▶ ACTIVITY
Give every line from the entries that contains "kesim".
********************
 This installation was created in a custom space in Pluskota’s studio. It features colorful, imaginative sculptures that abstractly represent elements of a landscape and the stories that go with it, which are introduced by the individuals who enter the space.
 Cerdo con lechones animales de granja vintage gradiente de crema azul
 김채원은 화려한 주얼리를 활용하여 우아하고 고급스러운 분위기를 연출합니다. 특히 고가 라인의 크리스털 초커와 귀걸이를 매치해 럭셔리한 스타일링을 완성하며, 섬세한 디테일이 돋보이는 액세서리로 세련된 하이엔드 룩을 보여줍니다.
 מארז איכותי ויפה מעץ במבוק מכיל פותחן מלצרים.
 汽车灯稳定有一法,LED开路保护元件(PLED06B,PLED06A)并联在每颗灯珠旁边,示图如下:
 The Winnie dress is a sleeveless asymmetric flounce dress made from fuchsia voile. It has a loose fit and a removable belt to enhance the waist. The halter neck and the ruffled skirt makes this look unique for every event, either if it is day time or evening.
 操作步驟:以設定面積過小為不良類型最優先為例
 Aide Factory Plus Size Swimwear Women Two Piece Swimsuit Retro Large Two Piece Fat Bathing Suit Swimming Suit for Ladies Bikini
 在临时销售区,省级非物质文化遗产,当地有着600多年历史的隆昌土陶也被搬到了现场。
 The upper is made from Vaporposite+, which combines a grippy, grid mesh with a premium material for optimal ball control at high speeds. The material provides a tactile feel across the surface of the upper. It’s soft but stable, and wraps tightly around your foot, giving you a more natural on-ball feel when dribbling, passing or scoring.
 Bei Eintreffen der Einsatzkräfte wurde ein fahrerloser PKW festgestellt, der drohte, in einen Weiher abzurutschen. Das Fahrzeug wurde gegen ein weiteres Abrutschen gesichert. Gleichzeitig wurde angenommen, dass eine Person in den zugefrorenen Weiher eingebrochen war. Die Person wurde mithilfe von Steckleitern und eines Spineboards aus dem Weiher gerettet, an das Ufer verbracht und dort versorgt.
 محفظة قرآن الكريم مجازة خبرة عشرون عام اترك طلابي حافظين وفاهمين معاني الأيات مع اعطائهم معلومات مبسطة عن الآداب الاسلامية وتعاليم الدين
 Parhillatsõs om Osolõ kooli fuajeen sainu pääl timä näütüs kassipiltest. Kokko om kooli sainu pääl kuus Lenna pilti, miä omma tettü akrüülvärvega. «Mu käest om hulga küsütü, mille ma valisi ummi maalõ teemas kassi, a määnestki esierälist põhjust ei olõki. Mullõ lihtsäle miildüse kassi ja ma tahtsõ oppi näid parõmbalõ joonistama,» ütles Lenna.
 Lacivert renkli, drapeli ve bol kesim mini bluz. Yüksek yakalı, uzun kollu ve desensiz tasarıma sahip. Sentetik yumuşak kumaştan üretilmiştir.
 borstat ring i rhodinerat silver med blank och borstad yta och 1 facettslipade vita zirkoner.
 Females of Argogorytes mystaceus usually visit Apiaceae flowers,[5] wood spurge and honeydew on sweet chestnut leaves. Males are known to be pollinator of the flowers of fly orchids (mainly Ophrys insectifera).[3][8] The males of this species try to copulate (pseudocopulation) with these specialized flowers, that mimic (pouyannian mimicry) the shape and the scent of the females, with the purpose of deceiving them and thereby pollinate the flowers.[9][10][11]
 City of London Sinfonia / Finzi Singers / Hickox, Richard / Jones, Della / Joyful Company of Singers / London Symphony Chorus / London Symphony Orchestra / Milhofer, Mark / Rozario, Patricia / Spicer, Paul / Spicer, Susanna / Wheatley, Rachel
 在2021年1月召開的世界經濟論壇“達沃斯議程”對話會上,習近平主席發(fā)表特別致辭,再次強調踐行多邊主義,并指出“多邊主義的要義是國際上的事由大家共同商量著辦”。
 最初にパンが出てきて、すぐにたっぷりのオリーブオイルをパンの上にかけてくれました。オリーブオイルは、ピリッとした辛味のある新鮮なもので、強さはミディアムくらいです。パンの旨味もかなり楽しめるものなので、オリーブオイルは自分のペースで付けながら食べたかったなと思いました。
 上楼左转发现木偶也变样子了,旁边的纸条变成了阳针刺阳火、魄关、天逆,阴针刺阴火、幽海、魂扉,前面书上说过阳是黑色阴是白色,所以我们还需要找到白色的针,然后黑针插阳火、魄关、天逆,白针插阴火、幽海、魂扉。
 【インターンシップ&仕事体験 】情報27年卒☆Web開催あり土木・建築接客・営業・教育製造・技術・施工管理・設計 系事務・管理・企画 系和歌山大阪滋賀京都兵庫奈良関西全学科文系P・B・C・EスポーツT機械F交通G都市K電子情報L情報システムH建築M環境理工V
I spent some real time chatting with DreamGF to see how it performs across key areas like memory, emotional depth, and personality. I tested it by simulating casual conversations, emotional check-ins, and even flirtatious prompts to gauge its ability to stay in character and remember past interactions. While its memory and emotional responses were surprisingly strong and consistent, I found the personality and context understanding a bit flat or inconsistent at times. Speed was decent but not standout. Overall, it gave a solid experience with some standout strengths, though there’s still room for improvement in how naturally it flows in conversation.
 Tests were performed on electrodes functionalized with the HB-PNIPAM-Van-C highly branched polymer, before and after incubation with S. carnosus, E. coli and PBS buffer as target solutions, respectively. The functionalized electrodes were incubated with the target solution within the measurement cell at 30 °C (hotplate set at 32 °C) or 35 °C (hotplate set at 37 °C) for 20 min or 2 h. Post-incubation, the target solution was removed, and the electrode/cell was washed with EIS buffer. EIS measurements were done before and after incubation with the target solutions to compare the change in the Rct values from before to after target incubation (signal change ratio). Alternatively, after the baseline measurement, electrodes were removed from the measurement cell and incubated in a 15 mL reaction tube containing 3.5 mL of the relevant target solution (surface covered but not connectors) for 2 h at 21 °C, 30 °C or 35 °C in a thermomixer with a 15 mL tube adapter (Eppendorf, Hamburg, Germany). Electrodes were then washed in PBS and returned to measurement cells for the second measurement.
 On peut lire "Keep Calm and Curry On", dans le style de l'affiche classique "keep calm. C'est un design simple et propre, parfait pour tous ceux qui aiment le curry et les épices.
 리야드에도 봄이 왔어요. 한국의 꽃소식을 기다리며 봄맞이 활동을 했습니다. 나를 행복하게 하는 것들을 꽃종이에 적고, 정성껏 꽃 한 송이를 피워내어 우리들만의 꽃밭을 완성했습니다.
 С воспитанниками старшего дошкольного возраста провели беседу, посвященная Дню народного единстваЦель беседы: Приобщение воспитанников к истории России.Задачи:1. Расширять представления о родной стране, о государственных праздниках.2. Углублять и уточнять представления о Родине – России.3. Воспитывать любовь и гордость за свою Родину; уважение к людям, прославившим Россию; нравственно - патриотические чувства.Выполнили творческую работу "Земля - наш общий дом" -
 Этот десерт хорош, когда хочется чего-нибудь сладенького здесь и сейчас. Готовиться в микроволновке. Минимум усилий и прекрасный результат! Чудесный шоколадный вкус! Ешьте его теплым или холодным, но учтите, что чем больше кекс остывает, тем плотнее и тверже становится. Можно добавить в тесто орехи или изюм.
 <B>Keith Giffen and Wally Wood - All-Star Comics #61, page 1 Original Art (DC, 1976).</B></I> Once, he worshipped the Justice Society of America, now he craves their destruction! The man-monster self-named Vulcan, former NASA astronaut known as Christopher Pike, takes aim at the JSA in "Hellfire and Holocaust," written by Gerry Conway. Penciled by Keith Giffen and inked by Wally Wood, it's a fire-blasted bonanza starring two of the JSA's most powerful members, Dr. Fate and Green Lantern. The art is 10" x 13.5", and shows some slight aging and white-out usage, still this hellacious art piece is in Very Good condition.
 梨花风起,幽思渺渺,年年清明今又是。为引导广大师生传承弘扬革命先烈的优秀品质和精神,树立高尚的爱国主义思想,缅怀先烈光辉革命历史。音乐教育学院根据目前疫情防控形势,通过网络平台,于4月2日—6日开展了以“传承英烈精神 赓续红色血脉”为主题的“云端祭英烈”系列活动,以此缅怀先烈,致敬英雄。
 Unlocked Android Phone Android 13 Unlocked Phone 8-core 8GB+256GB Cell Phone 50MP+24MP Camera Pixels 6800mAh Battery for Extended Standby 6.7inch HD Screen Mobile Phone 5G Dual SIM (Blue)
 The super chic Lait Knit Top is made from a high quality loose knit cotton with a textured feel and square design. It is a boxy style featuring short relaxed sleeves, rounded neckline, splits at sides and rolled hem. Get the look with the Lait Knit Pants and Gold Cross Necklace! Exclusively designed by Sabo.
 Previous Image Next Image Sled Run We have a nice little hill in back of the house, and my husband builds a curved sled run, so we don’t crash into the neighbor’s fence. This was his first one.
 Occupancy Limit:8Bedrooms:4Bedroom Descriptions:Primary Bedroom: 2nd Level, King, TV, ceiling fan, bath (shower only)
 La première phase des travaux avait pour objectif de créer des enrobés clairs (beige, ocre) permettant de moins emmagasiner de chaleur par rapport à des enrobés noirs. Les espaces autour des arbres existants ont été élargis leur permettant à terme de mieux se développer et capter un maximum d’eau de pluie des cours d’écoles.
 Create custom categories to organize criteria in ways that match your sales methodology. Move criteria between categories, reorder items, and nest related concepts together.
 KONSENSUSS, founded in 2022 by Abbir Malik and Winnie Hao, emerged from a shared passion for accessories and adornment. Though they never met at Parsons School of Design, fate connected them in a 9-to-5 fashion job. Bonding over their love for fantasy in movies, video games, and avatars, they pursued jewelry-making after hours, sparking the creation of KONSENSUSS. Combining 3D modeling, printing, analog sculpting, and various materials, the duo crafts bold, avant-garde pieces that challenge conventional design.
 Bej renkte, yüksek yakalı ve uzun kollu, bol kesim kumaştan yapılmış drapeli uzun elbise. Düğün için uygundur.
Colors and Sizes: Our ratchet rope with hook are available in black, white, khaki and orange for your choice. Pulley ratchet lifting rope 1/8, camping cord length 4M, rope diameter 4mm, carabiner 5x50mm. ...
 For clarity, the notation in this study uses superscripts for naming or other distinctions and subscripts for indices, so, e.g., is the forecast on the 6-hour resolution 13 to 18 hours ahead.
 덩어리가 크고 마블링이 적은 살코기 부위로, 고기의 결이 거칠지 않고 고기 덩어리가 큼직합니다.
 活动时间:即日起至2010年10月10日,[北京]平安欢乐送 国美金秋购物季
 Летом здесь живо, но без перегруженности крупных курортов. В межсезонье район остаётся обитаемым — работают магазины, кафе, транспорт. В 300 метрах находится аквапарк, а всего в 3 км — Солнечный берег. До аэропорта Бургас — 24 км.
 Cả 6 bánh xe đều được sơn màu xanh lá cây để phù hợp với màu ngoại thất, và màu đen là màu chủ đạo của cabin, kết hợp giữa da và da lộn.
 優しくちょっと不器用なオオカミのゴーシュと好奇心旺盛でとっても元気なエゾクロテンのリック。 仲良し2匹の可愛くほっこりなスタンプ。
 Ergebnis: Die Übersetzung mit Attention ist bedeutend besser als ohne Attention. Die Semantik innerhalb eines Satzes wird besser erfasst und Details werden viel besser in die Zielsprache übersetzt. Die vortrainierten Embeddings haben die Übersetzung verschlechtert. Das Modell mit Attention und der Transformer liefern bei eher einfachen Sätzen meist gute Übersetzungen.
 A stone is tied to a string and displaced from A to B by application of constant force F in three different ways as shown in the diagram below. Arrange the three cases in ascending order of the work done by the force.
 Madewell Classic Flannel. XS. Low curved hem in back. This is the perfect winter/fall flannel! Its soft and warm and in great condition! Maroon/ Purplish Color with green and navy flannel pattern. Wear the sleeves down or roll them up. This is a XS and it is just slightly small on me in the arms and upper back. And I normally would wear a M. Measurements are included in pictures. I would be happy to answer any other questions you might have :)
********************
▶ SOLUTION TO THIS PROBLEM
 Lacivert renkli, drapeli ve bol kesim mini bluz. Yüksek yakalı, uzun kollu ve desensiz tasarıma sahip. Sentetik yumuşak kumaştan üretilmiştir.
 Bej renkte, yüksek yakalı ve uzun kollu, bol kesim kumaştan yapılmış drapeli uzun elbise. Düğün için uygundur.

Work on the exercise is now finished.